▸ **About this task**
Exact reproduction is required for the lines below starting at the line with "krásna sada používaných" and ending at the line with "Wakil Bupati Sintang", both included. No other lines, and no pictures.

▸ **Input data**
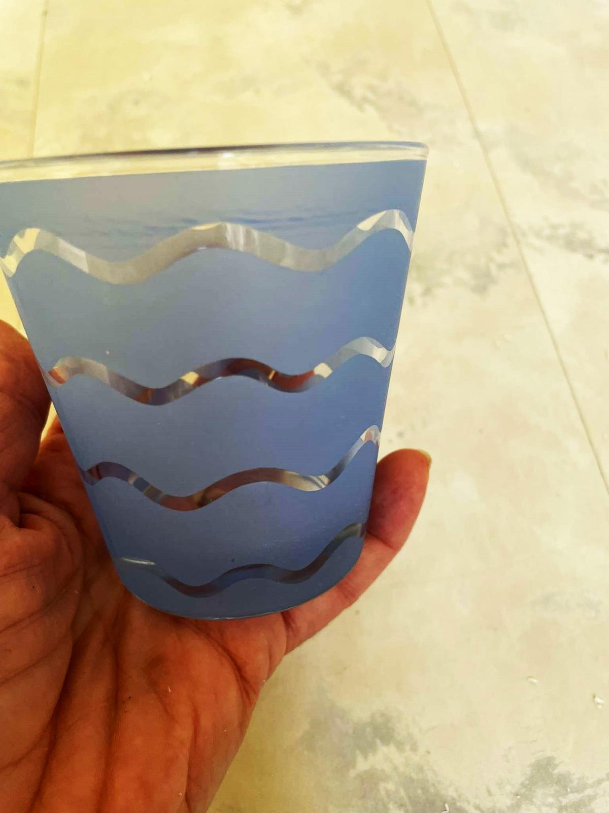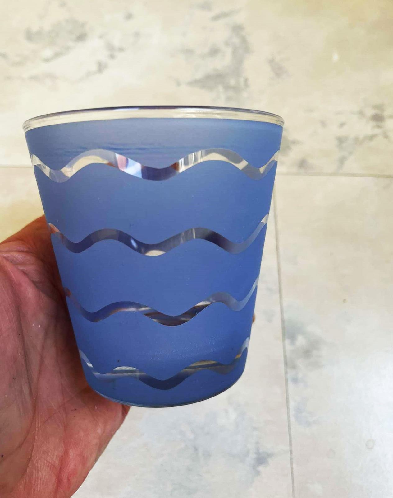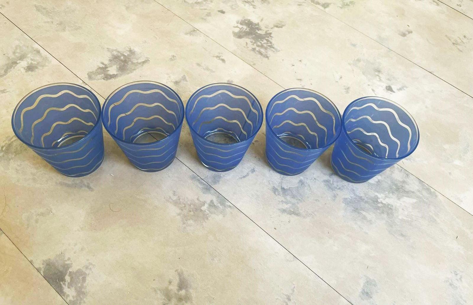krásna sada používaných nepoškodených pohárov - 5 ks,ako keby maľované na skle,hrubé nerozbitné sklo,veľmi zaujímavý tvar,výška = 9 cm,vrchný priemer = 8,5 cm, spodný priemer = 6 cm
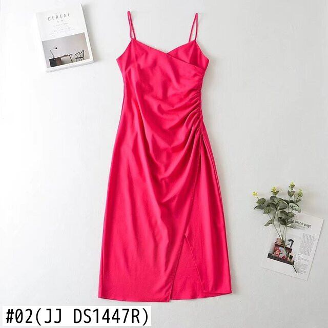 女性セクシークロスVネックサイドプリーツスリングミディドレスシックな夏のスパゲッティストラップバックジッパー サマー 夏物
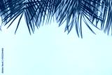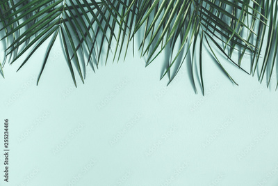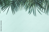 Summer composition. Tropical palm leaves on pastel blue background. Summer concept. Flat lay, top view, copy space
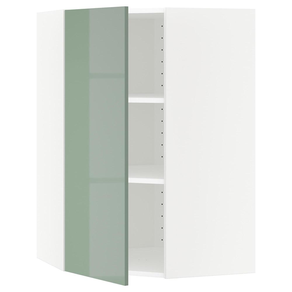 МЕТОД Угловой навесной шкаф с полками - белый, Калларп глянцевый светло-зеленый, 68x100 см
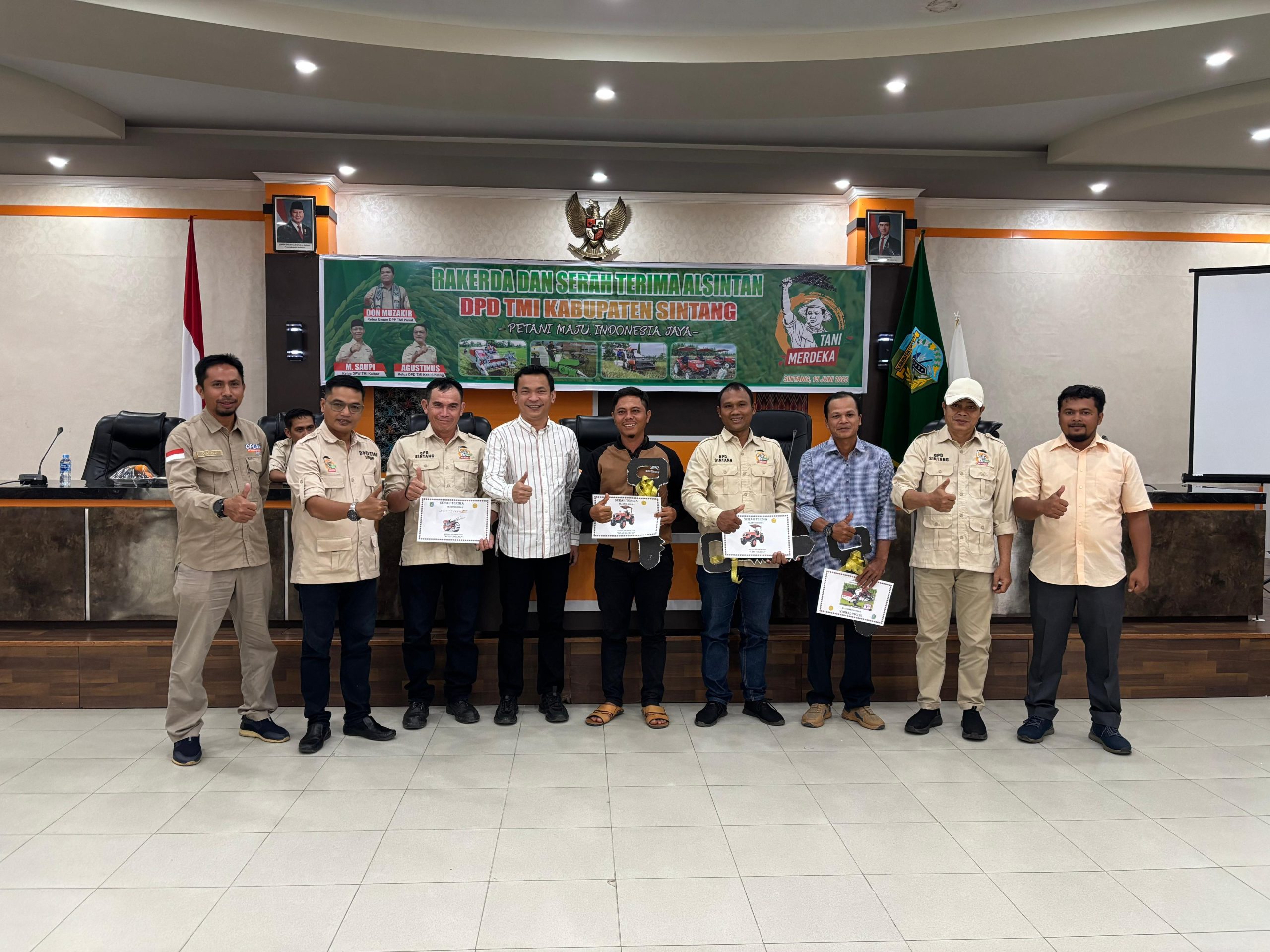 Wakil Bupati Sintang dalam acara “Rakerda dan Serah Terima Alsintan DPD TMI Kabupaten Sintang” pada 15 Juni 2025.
---
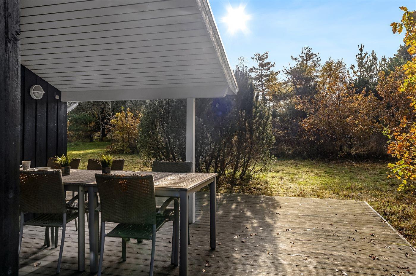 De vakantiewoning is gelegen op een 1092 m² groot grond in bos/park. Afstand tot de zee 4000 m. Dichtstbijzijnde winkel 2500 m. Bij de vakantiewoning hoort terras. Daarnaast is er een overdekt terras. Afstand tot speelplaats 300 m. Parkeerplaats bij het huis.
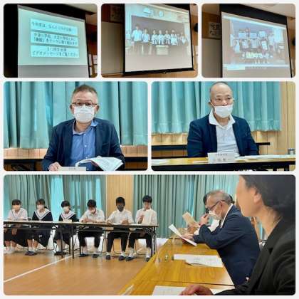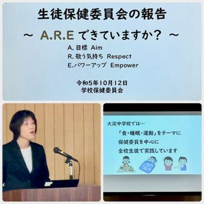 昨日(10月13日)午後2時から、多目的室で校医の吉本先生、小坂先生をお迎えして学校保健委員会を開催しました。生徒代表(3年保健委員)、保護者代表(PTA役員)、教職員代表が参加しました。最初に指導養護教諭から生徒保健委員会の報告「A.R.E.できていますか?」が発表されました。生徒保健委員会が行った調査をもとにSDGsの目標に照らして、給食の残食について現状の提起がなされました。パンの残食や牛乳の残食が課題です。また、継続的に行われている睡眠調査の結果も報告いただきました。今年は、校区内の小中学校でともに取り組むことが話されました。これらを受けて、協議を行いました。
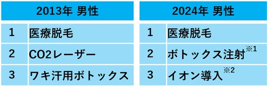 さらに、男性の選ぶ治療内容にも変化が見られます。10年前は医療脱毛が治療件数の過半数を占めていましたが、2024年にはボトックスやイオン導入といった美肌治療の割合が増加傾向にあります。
...
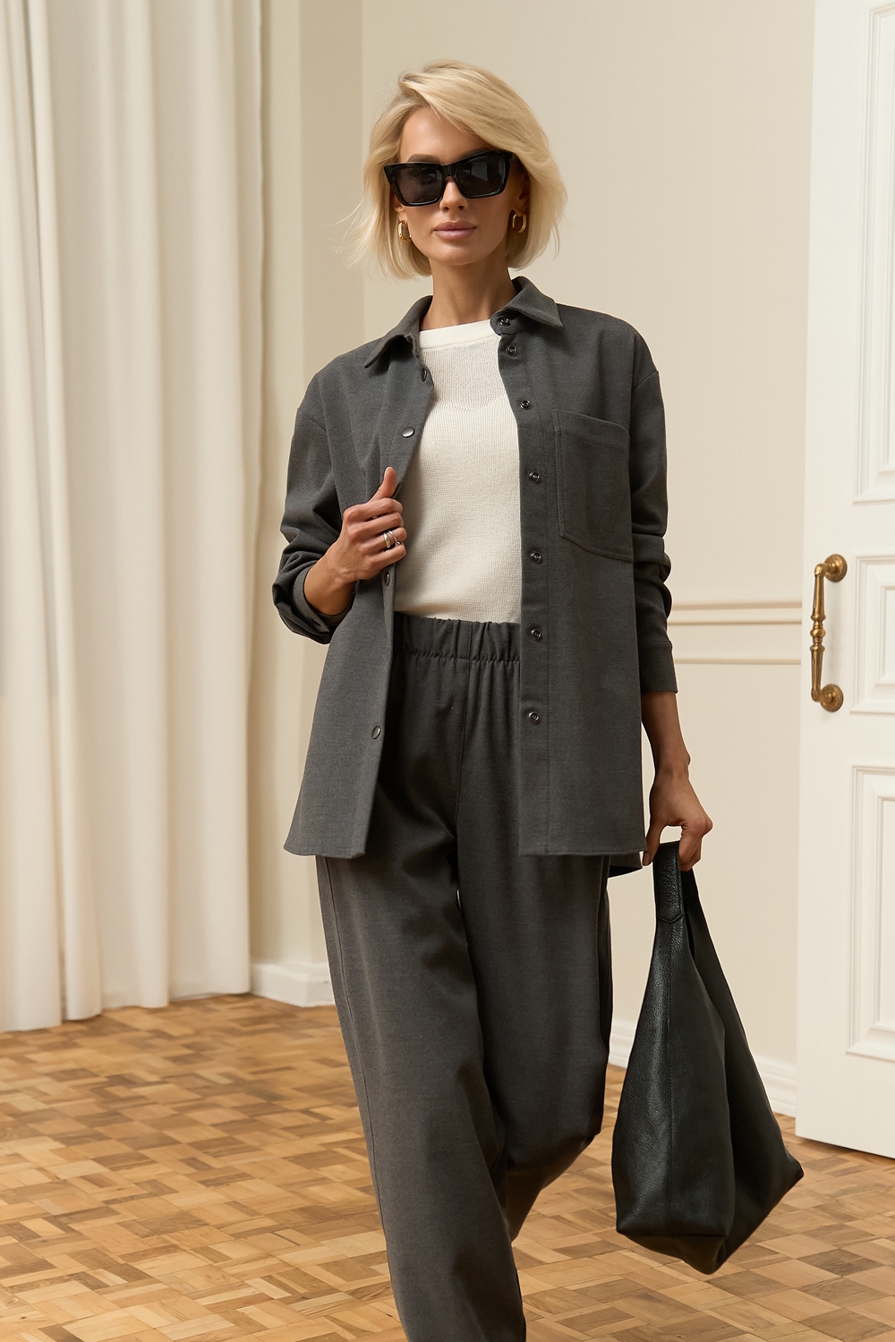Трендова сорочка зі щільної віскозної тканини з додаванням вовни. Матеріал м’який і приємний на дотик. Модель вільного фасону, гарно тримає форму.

▸ **Exercise result**
krásna sada používaných nepoškodených pohárov - 5 ks,ako keby maľované na skle,hrubé nerozbitné sklo,veľmi zaujímavý tvar,výška = 9 cm,vrchný priemer = 8,5 cm, spodný priemer = 6 cm
 女性セクシークロスVネックサイドプリーツスリングミディドレスシックな夏のスパゲッティストラップバックジッパー サマー 夏物
 Summer composition. Tropical palm leaves on pastel blue background. Summer concept. Flat lay, top view, copy space
 МЕТОД Угловой навесной шкаф с полками - белый, Калларп глянцевый светло-зеленый, 68x100 см
 Wakil Bupati Sintang dalam acara “Rakerda dan Serah Terima Alsintan DPD TMI Kabupaten Sintang” pada 15 Juni 2025.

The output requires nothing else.